PeopleSoft delivers a sample of personal and sensitive fields in HCM. You can use the Maintain Data Privacy Settings page to see the sample fields that are provided to you within PeopleSoft HCM. Customers are encouraged to add their own custom personal and identifiable fields to this page. You can either add them to existing categories and classification or include your own custom values with the “Add” button.
Organizations can use the Update References option to reflect the use of these fields, including your custom pages and queries.
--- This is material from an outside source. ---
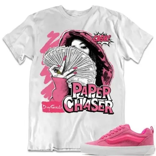 This shirt is a perfect match for Vans Skool Pink dropSkizzle shoes. It is a T-Shirt with a paper chaser design that is sure to catch the eye of anyone who sees it. The shirt is made of a comfortable and breathable material that is perfect for everyday wear. It is available in a range of sizes to ensure that everyone can find the perfect fit.

In the Select Reference Type module, you can select the reference type that needs an update or refresh.
Conclusion
Now, more than ever before, it’s vital for organizations to maintain a high level or data privacy for their employees and applicants. It’s a good practice to review the national and local laws covering the locations in which you conduct business. PeopleSoft HCM provides several capabilities to assist customers in managing data privacy. To stay current with legislative updates in PeopleSoft HCM, keep up with the PeopleSoft Legislative Updates page full of Oracle blogs and updates.